Книги вместо бомб: об исследовании Нины Гурьяновой «Эстетика анархии. Искусство и идеология раннего русского авангарда»

Русские авангардисты начала ХХ века умели взорвать словесной бомбой аудиторию, но терялись в догадках по поводу того, как построить общество, где художник, избавленный от необходимости зарабатывать на жизнь, обретет независимость от цензуры и прихотей толпы. Поиски ответа на этот мучительный вопрос толкнул одних в объятия большевистского правительства, в то время как другие политизировались в духе самого радикального анархизма. Почему последние сделали именно такой выбор и как он связан с логикой их творчества, исследовала Нина Гурьянова, видный специалист по русскому авангарду. Ее книгу, переведенную на русский язык, по просьбе Gorky.media прочитал Роман Королев.

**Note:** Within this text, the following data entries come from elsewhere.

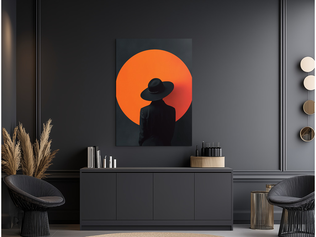 Das minimalistische Bild zeigt die Silhouette einer Frau mit einem Hut, die vor einem auffälligen orangefarbenen Kreis steht, der an die Sonne oder den Mond erinnert. Das Bild verwendet einfache Linien, gedämpfte Farben und den Kontrast zwischen Figur und Hintergrund, wodurch eine elegante und zeitlose Komposition entsteht.
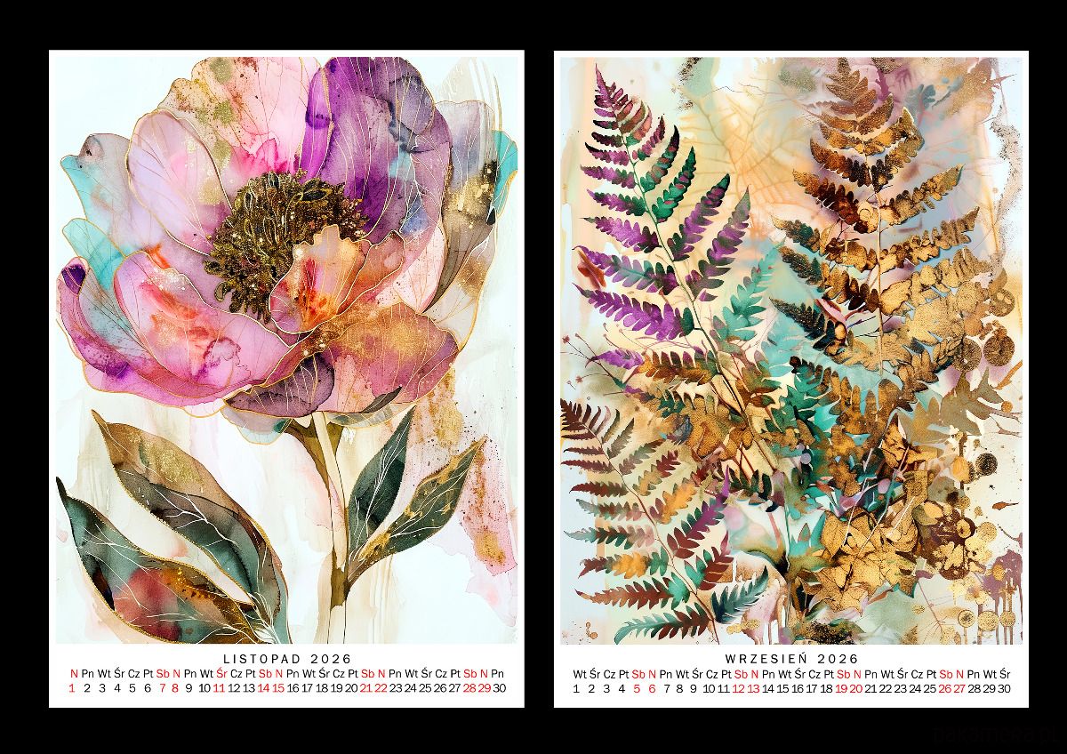 Autorski, oryginalny Kalendarz na 2026 r. - ZŁOTA FLORA
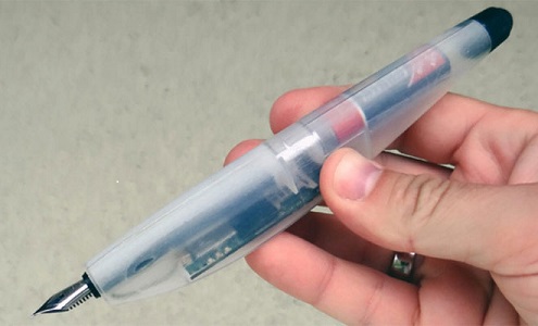 Lernstift is a regular pen with real ink, but inside is a special motion sensor and a small battery-powered Linux computer with a WiFi chip.
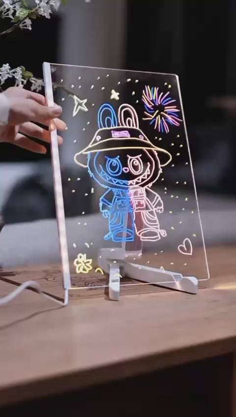 Lavagna Luminosa a LED Cancellabile con Penne Colorate e Supporto
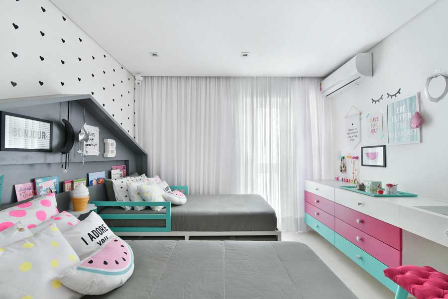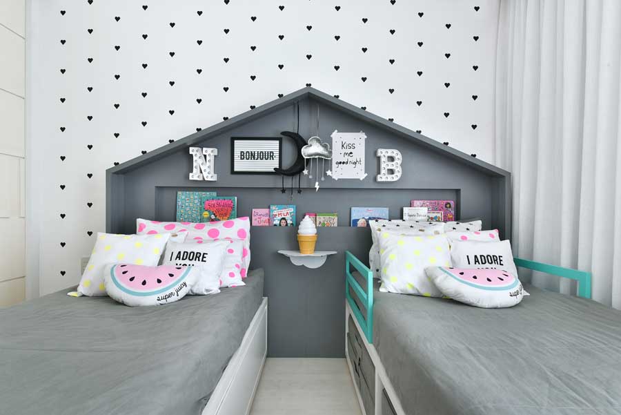 Na decoração do quarto das irmãs Nina, de 8 anos, e Bianca, de 5 anos, a composição pedida pela mãe para a arquiteta Andrea Eshkenazy, da Uêbaa Design, levou em conta a diferença de idade entre elas. Nesse enredo, a casinha, que serve como cabeceira para as camas das meninas e como apoio para livros e outros objetos, recebeu acabamento na cor cinza-chumbo.
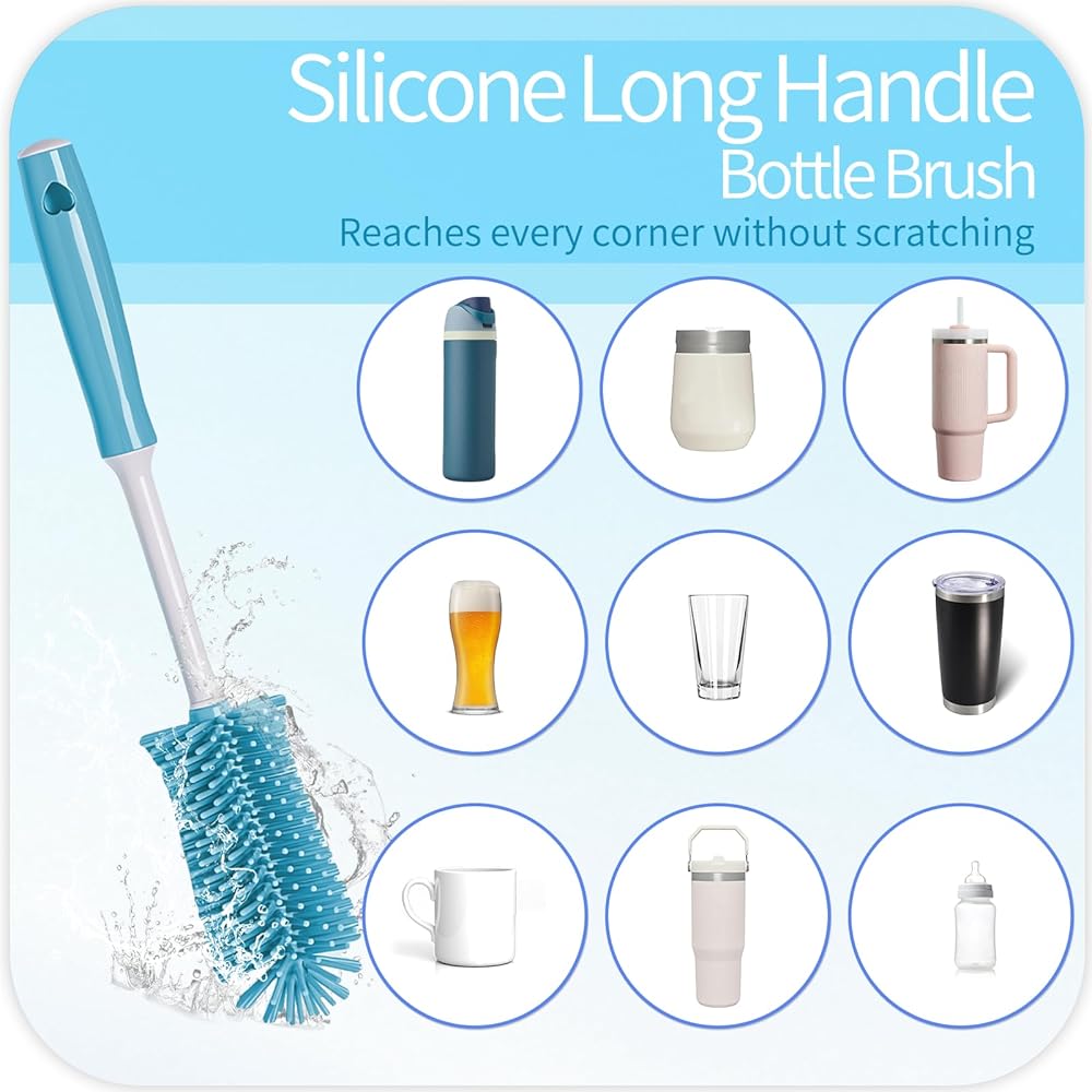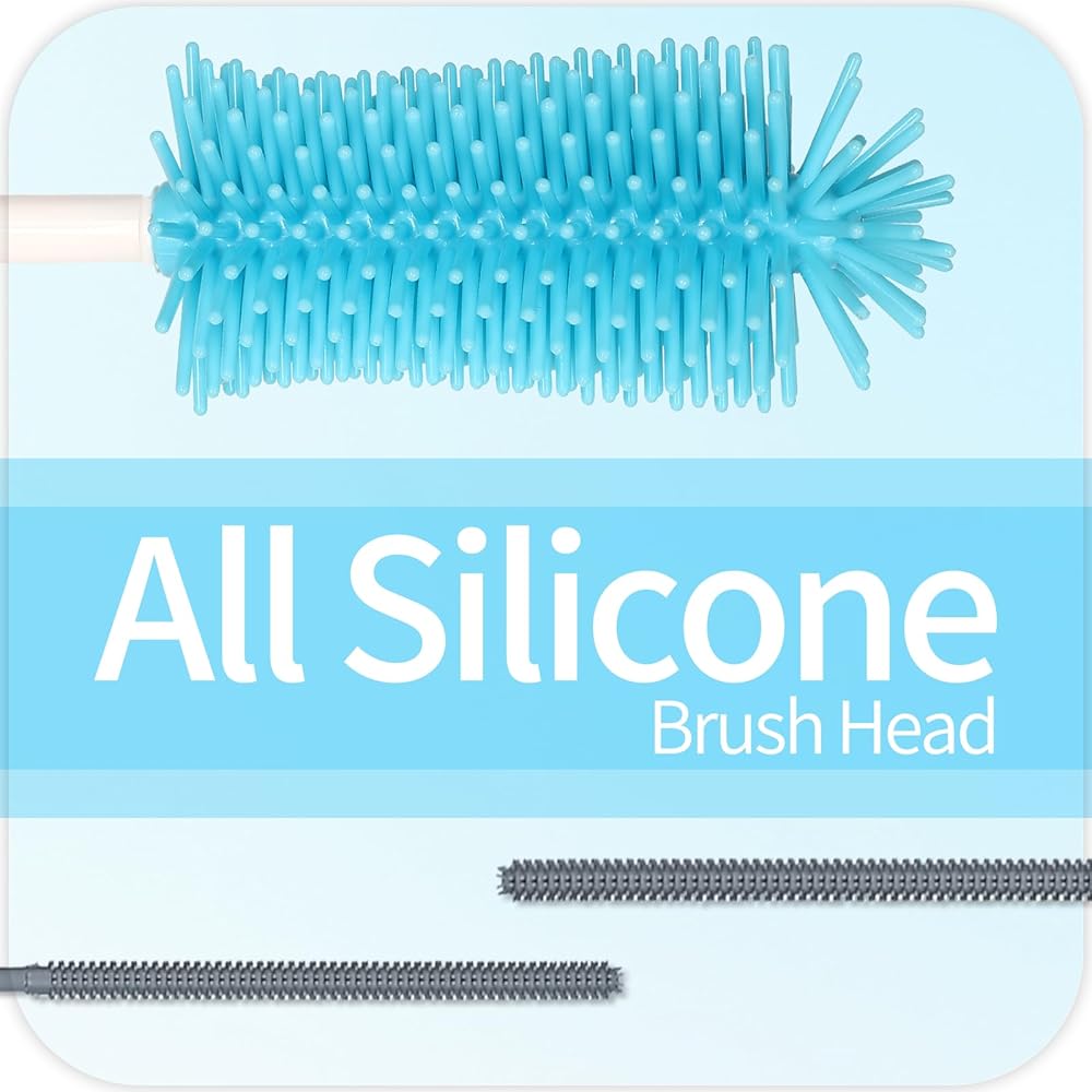 Silicone Bottle Brush with Long Handle - Made with soft, food-grade silicone for a gentle touch. Its compact bottom brush head easily reaches every corner while protecting your bottles from scratches. With the ergonomically designed handle, you can clean bottles easily and comfortably.

В феврале 1914 года лингвист Роман Якобсон сетовал в письме своему другу Алексею Крученых, что московская публика отстает от новинок литературного авангарда, ничего не зная о существовании новых книг идеолога «заумной поэзии». Когда же Якобсон указал на сей прискорбный факт приказчику книжного магазина, попросив позаметнее выставить книги Крученых в окне, тот, пребывая, как видно, не в восторге от футуристической словесности, ответил: «И слава Богу, что не знают».

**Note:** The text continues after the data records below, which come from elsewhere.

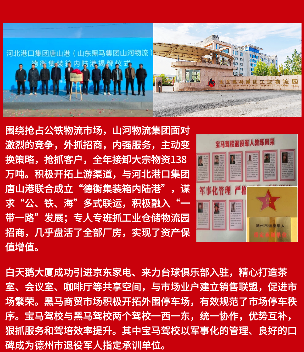 穩(wěn)進(jìn)中的黑馬,也必然是一個(gè)奔向勝利的黑馬!讓我們?cè)诟骷?jí)黨委和政府的正確領(lǐng)導(dǎo)和大力支持下,緊緊圍繞董事長(zhǎng)、董事會(huì)決策部署,凝聚成一往無(wú)前的發(fā)展勢(shì)能,以我為主,擔(dān)當(dāng)作為,不斷贏得優(yōu)勢(shì)、贏得主動(dòng),贏得未來(lái),不斷取得新勝利,用實(shí)干書寫黑馬集團(tuán)更加壯麗的新篇章!
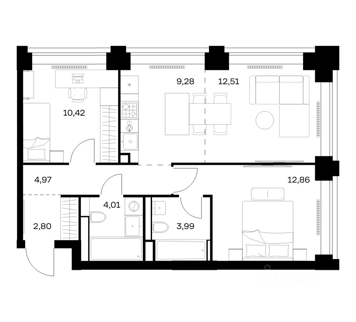 Строим кварталы для жизни с заботой о будущем. Предлагается 2-комнатная квартира премиум-класса площадью 60,84 кв.м в корпусе 3 на 22-м этаже, в жилом комплексе "NOVA".
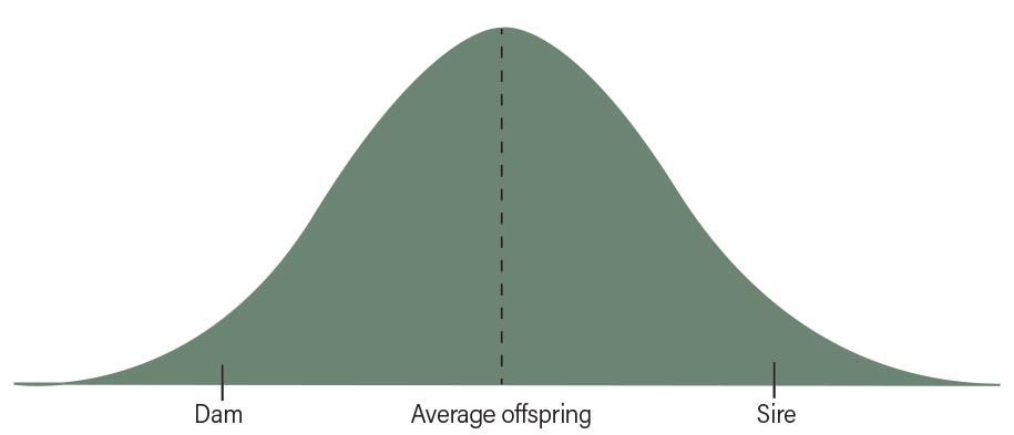 This kind of variation can be both helpful and frustrating. A mating that produces an outstanding calf one year might give a very average calf the next year. A mating that disappointed once might produce a great calf later on. Figure 2 shows how the EPDs of the calves spread out above and below the parents’ average due to Mendelian sampling. The randomness can surprise even the most experienced breeders; but without this natural variation, cattle would never improve over time.
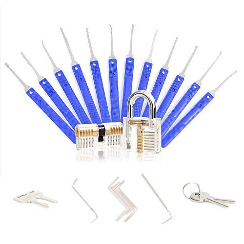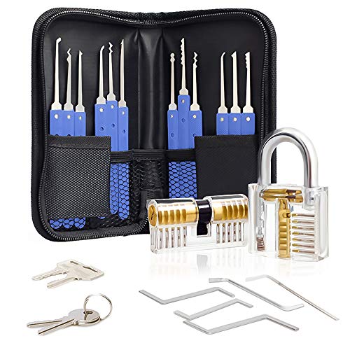 MoEvert Set Fabbro 24 Pezzi Grimaldelli Serrature Set con 2 Trasparente Serratura e Lucchetto Pratica Aprire le Serrature Set
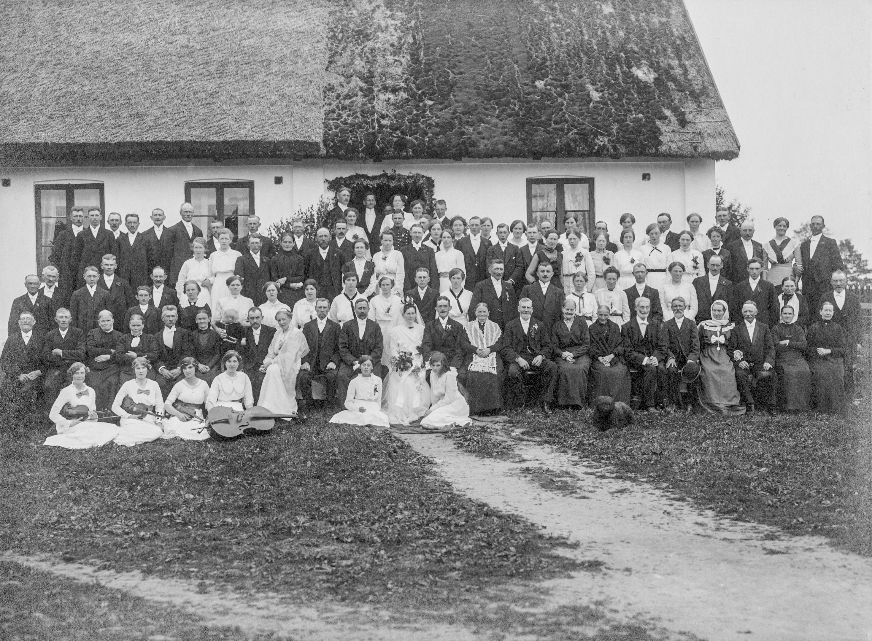 OPK 000619 :: bröllopsporträtt, bröllop, exteriör, halmtak, gruppbild, gruppbilder, exteriörer
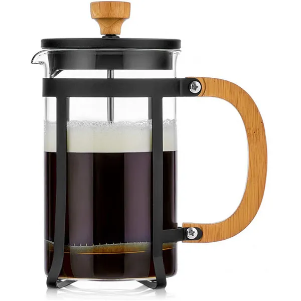 Френч-пресс термост.стекло,сталь нерж. 0,6л D=10,2,H=18,3,L=14,5см прозр.,бежев.

Разумеется, Алексей Крученых, сколько бы пощечин общественному вкусу этот человек ни отвешивал, хотел, чтобы его произведения читали, и как любой деятель авангарда должен был выбирать средства для работы с вниманием публики. Согласно искусствоведке Нине Гурьяновой, совокупность этих средств можно свести к двум художественным стратегиям: провокации (той самой пресловутой «почещине», побуждающей публику к ответному действию с заранее непрогнозируемым автором результатом) и манипуляции (продуманному воздействию на чужое сознание с целью подтолкнуть его в определенном направлении). В свою очередь, через сложную историю взаимодействия двух этих стратегий, которые в разное время зачастую применялись одним и тем же художником или группой, возможно рассказать историю русского авангарда начала ХХ века; причем, историю не только его эстетических, но и политических устремлений.

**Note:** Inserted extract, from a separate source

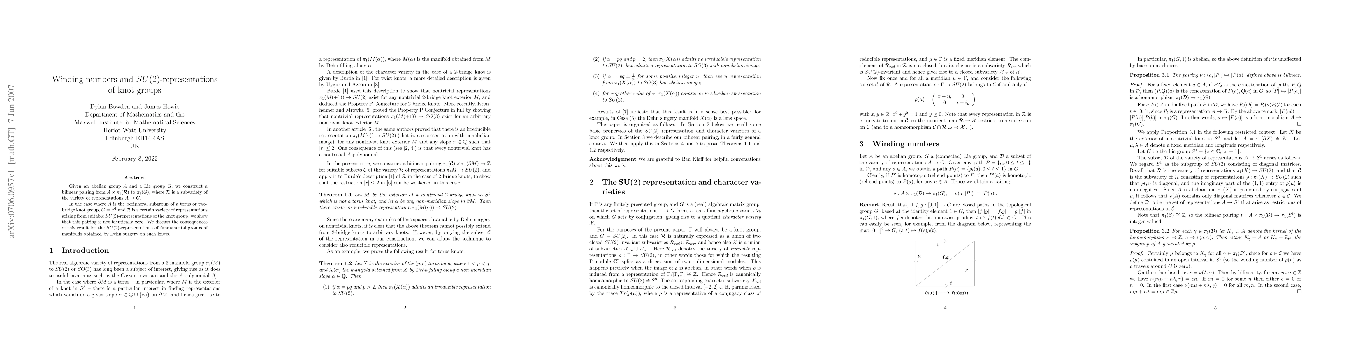 Given an abelian group $A$ and a Lie group $G$, we construct a bilinear pairing from $A\times\pi_1({\mathcal R})$ to $\pi_1(G)$, where $\mathcal R$ is a subvariety of the variety of representations $A\to G$. In the case where $A$ is the peripheral subgroup of a torus or two-bridge knot group, $G=S^1$ and $\mathcal R$ is a certain variety of representations arising from suitable SU(2)-representations of the knot group, we show that this pairing is not identically zero. We discuss the consequences of this result for the SU(2)-representations of fundamental groups of manifolds obtained by Dehn surgery on such knots.
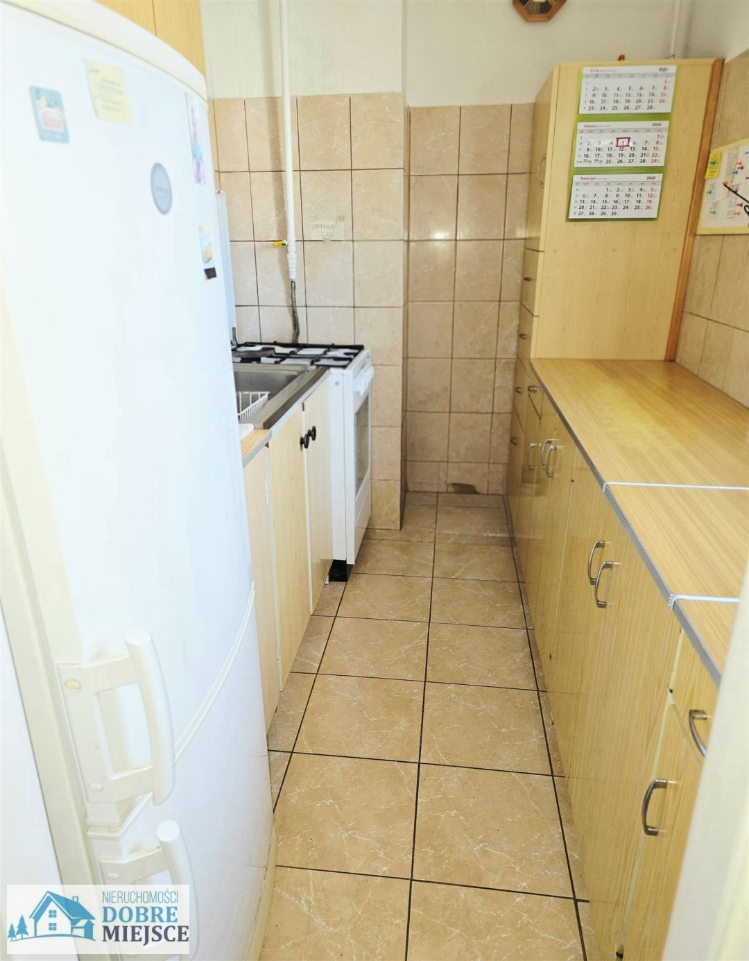 Nieruchomość składa się z przedpokoju, w którym znajduje się miejsce na dużą (choć węższą niż standardowa) zabudowę typu komandor, łazienki z prysznicem i WC, dużego pokoju z wyjściem na balkon , a także przejściem do ustawnej sypialni oraz oddzielnej, jasnej kuchni z oknem.

Почти четверть века назад Гурьянова выпустила в издательстве «Гилея» первую монографию о художнице Ольге Розановой, создававшей бок о бок с Крученых головокружительную эстетику футуристической книги. Новое исследование куда шире по охвату (хотя и персонально Розановой на его страницах найдется предостаточно места), а ключевой его тезис состоит в том, что так называемый ранний русский авангард, хронологически определяемый рамками 1910–1918 годов, представляет собой не прелюдию к конструктивистским экспериментам 1920-х (или даже, упаси бог, социалистическому реализму), но самостоятельное культурное явление, в значительной мере служившее эстетическому выражению анархистских идей.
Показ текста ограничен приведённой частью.